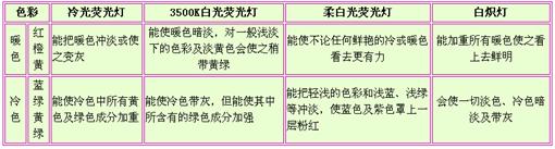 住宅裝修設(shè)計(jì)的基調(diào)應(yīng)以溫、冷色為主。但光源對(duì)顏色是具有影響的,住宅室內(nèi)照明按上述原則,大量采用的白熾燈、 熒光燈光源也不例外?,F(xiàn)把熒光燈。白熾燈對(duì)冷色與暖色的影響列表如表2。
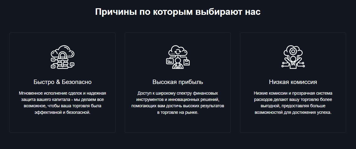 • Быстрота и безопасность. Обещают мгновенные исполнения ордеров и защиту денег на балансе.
◇ ◇ ◇ ◇ ◇ ◇ ◇
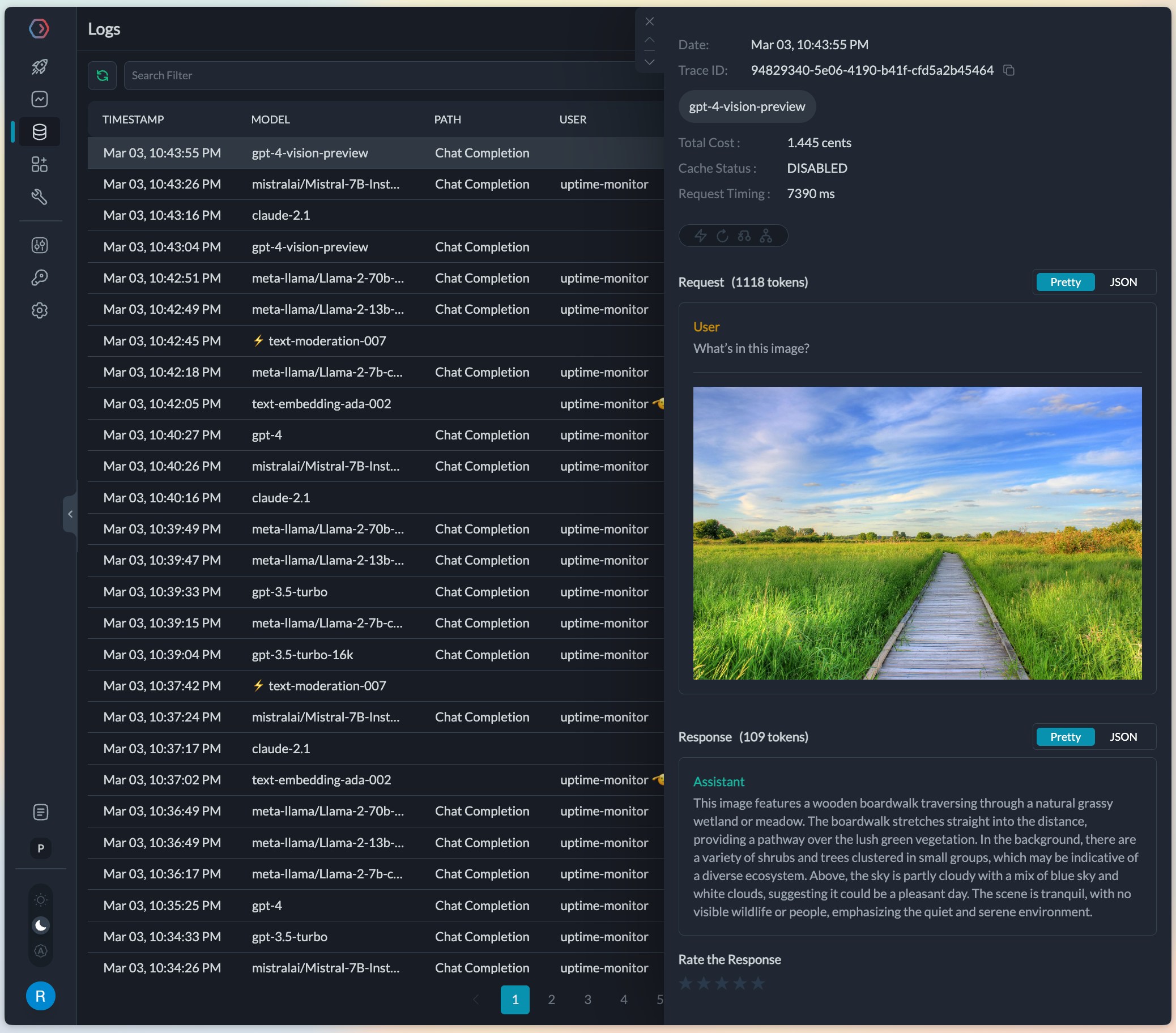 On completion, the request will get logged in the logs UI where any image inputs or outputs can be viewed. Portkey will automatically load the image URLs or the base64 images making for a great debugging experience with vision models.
◇ ◇ ◇ ◇ ◇ ◇ ◇
* TASK REQUIREMENTS *
I'd like the lines above repeated exactly, from the one that contains "住宅裝修設(shè)計(jì" through the one that contains "денег на балансе.", with no pictures.

* EXERCISE SOLUTION *
 住宅裝修設(shè)計(jì)的基調(diào)應(yīng)以溫、冷色為主。但光源對(duì)顏色是具有影響的,住宅室內(nèi)照明按上述原則,大量采用的白熾燈、 熒光燈光源也不例外?,F(xiàn)把熒光燈。白熾燈對(duì)冷色與暖色的影響列表如表2。
 • Быстрота и безопасность. Обещают мгновенные исполнения ордеров и защиту денег на балансе.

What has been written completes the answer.